> _Task item_
Using the data that follows, give again word for word the lines between the one holding "A covered veranda" and the one holding "お姉様達と待ち合わせ場所まで", inclusive. Omit the pictures.

> _Task data_
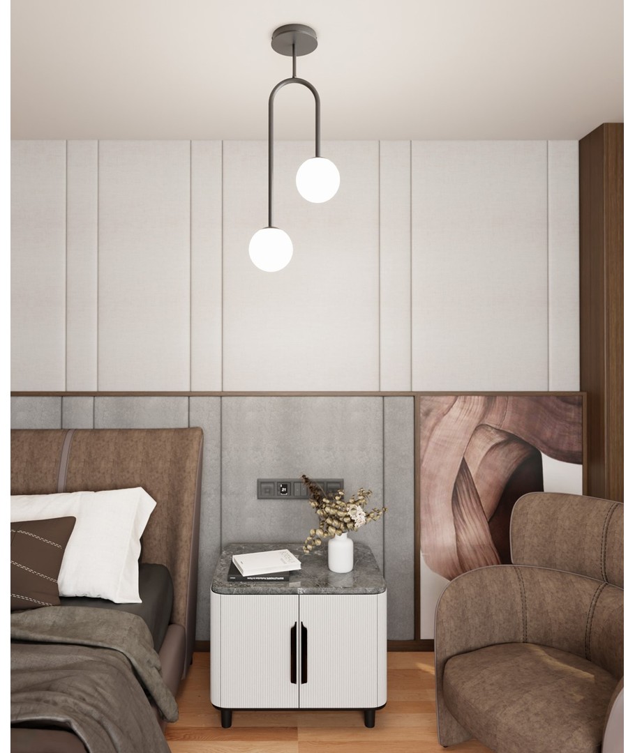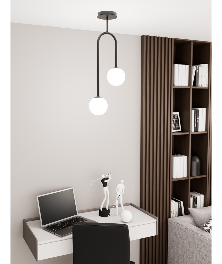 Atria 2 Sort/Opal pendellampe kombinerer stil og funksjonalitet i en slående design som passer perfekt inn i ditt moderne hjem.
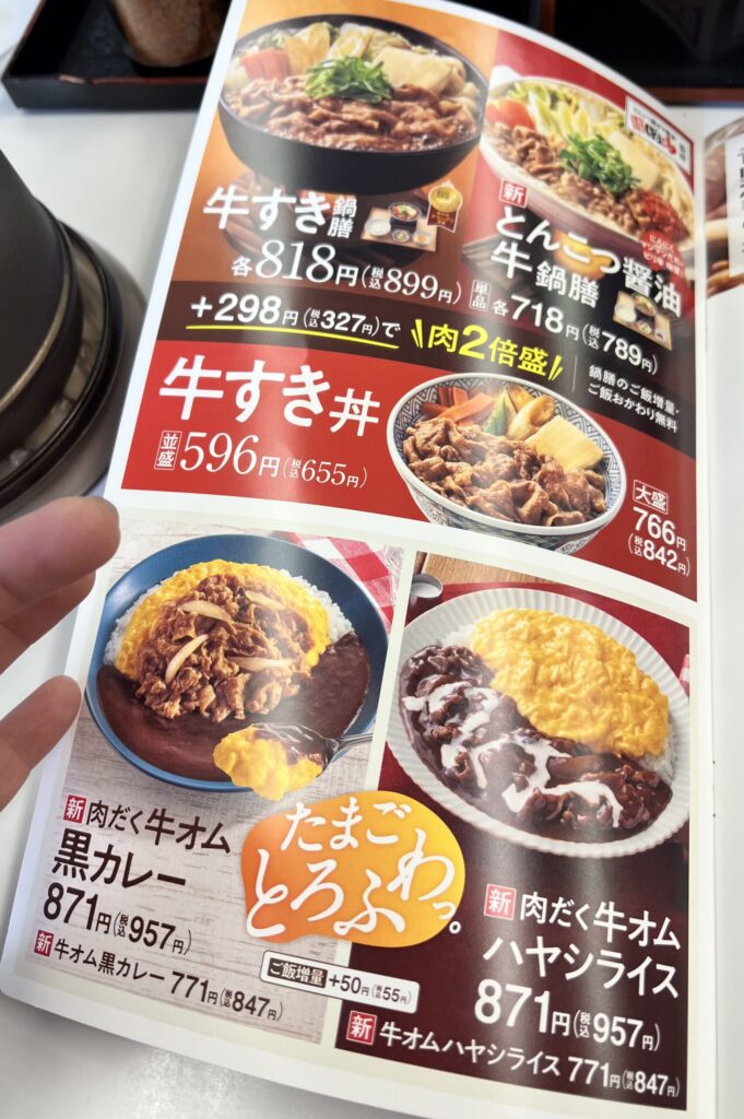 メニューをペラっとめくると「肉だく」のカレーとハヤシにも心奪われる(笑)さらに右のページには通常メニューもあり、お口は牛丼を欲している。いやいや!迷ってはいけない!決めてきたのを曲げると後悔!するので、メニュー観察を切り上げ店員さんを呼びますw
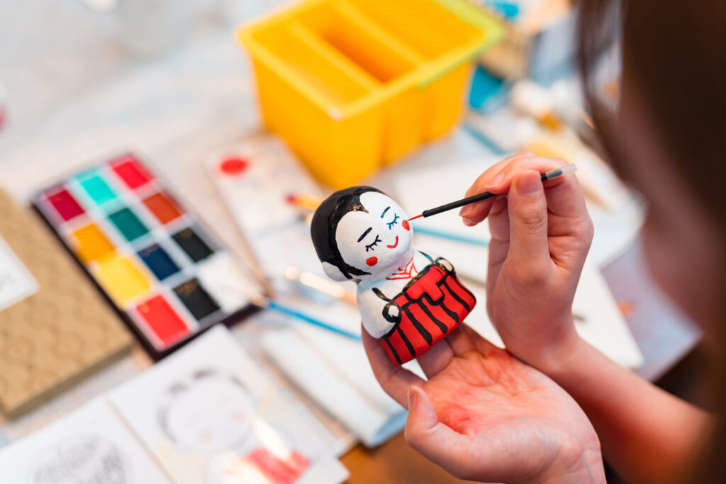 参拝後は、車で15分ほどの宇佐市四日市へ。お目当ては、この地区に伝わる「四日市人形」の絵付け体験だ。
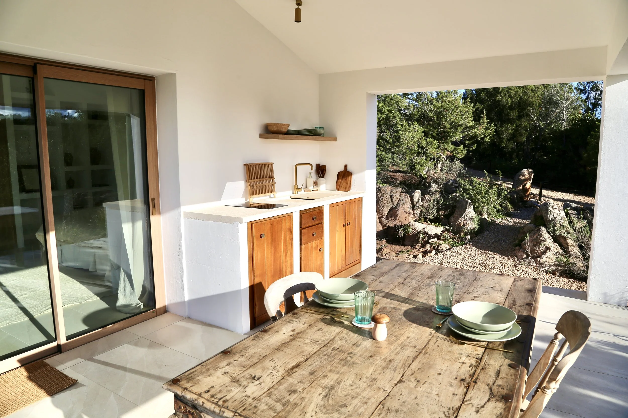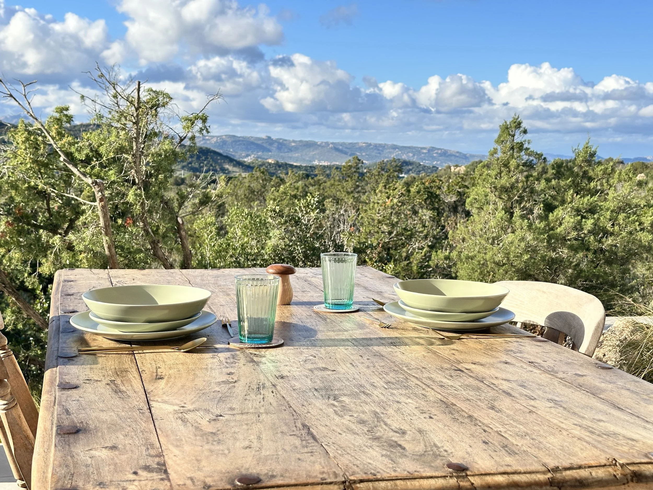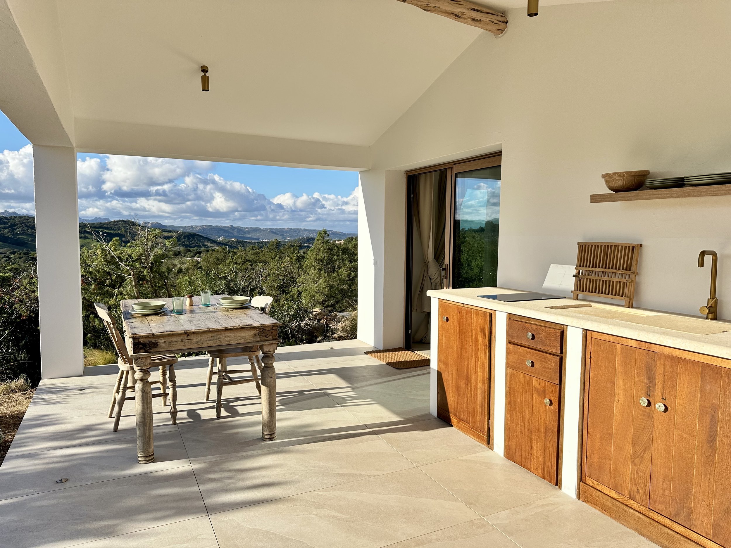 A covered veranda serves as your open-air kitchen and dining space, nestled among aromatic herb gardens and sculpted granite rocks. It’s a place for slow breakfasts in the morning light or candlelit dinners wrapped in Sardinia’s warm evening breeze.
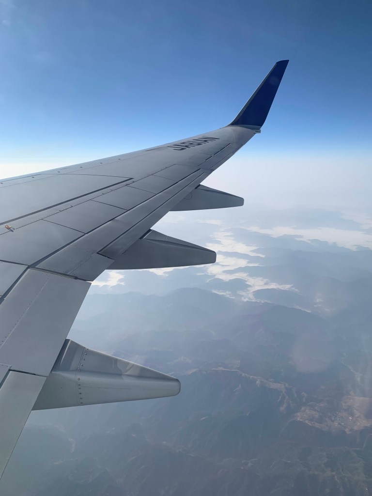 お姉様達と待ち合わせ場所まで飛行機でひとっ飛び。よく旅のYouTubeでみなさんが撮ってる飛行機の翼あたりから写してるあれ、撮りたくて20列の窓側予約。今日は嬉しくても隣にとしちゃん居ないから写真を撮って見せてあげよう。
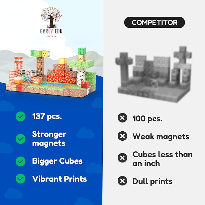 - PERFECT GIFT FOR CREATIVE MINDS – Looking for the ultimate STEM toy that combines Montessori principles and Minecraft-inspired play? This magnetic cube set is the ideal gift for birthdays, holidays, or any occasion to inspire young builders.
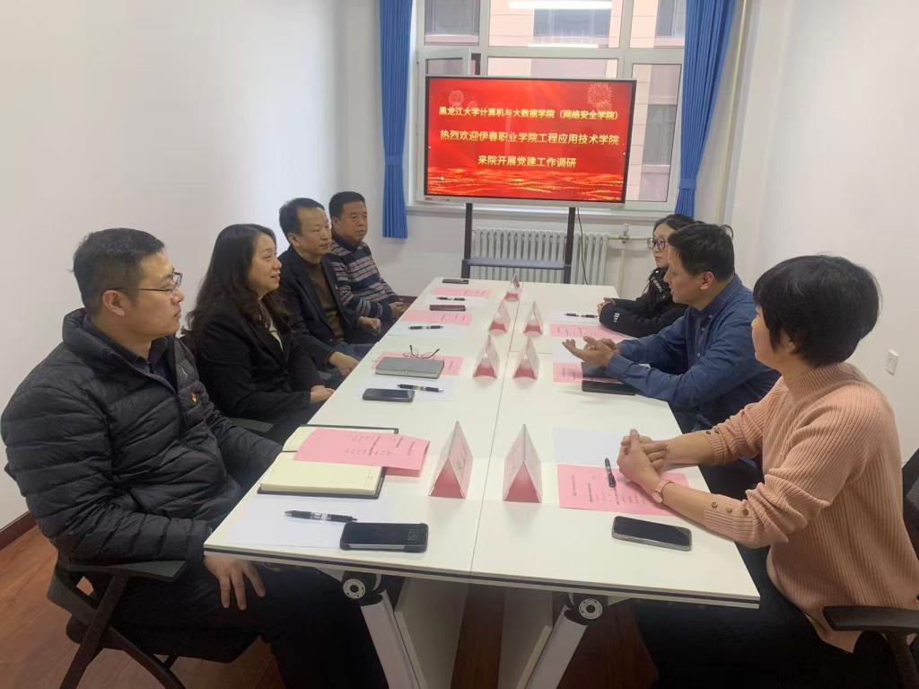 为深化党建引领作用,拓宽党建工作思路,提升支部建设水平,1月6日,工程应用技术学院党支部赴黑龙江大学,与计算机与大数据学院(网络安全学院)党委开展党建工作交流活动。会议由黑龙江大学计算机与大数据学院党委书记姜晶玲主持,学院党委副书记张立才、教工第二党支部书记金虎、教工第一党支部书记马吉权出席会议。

> _Response area_
 A covered veranda serves as your open-air kitchen and dining space, nestled among aromatic herb gardens and sculpted granite rocks. It’s a place for slow breakfasts in the morning light or candlelit dinners wrapped in Sardinia’s warm evening breeze.
 お姉様達と待ち合わせ場所まで飛行機でひとっ飛び。よく旅のYouTubeでみなさんが撮ってる飛行機の翼あたりから写してるあれ、撮りたくて20列の窓側予約。今日は嬉しくても隣にとしちゃん居ないから写真を撮って見せてあげよう。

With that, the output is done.